We use a Nao humanoid robot simulated in RoboCup 3D simulation environment which is based on SimSparkFootnote 5: a generic physical multiagent system simulator. The robot has 22 degrees of freedom, six in each leg, four in each arm, and two in the neck. We use CREPS-CMA to train a simulated NAO robot by optimising the kick controller explained in Sect. 2 using both linear policies, i.e., \(\varphi ( {\varvec{s}} ^{[i]}) = [1\quad {\varvec{s}} ^{[i]}]\) and a RBF based non-linear policy. The desired kick distance s varies from 2.5 m to 12.5 m. For the non-linear policy, we choose \(K=15\) normalized RBFs and \(\sigma ^2\) is set to 0.5. Both K and the \(\sigma ^2\) parameters were chosen by trial and error to maximize the results accuracy. Figure 4 shows the setup of the used RBFs over the context range.

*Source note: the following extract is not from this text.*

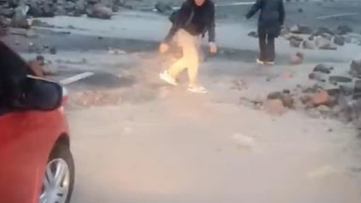 Ardahan’da yaklaşık 3 gündür etkili olan sağanak yağış hayatı olumsuz etkiliyor. Şiddetli sağanak yağış nedeniyle Ardahan’ı Karadeniz bölgesine bağlayan Ardahan-Ardanuç kara yolunun bazı noktalarına yükseklerden kopan kaya parçaları düştü. Sürücüler irili ufaklı kaya parçalarını, kendi imkanlarıyla temizleyerek yolun trafiğe açılmasını sağladı.

We maximize a context dependent objective function

$$\begin{aligned} R(s,\theta ) = -(x-s)^2-y^2, \end{aligned}$$

where s is the desired kick distance, and x and y are the ball distances travelled along the x- and y-axes using the kick controller with the given parameter set \(\theta \). We initialize the search distribution \(\pi \) with a hand tuned kick policy, which was able to kick the ball over 15 m. We optimized the kick with 1000 iterations. Each iteration generates 20 new samples where the contexts were sampled uniformly. Each sample was evaluated 5 times, and was averaged to smooth out the noisy returns. In order to simulate competition conditions, for evaluating each sample, we placed the robot in 5 different positions around the ball and it had to perceive the ball, move towards it, position itself in place and then kick it towards the target goal using the kick controller. We compared the performance of the linear policy with non-linear one. Figure 6 shows that the non-linear policy clearly outperforms the linear one and the accuracy of the non-linear policy is considerable.Footnote 6 The average error of the linear policy was \(0.82 \pm 0.10\,\text {m}\) while we achieved an average error of \(0.34 \pm 0.11\,\text {m}\) using the non-linear policy. As expected, using a non-linear policy improves the accuracy of the results with order of magnitude. In fact, the average error is more than halved. This also demonstrates the non-linearity nature of robotic tasks such as kick task and the usefulness of using RBF functions to capture this non-linearity. Figure 5 shows the learned linear and non-linear policies for generalizing the 25 parameter kick controller for different kick distances. We can see that the learned linear policy is a linear approximation of its corresponding non-linear policy.

Fig. 6.
figure 6

The performance of the learned linear (blue) and non-linear (red) policies. The x-axis represents the desired kick distance, in meters, while the y-axis represents the error with respect to desired kick distance, also in meters. (Color figure online)

4 Conclusion

We used a recently proposed contextual policy search algorithm to generalize a robot kick controller for different desired kick distances, where a context is described by a real-valued vector of distances. We have modified the algorithm, naming it CREPS-CMA. Using CREPS-CMA, we have successfully learned linear and non-linear policies over the context of kick distances. The non-linear policy outperforms its linear counterpart, and allows a humanoid robot to kick a ball with flexible distances and with satisfactory accuracy results, which could leads to a better control and coordination in a robotic soccer match. In this research, we also demonstrated the non-linearity of a kick task. In future we will use more complex kick controllers such as dynamic motor primitives.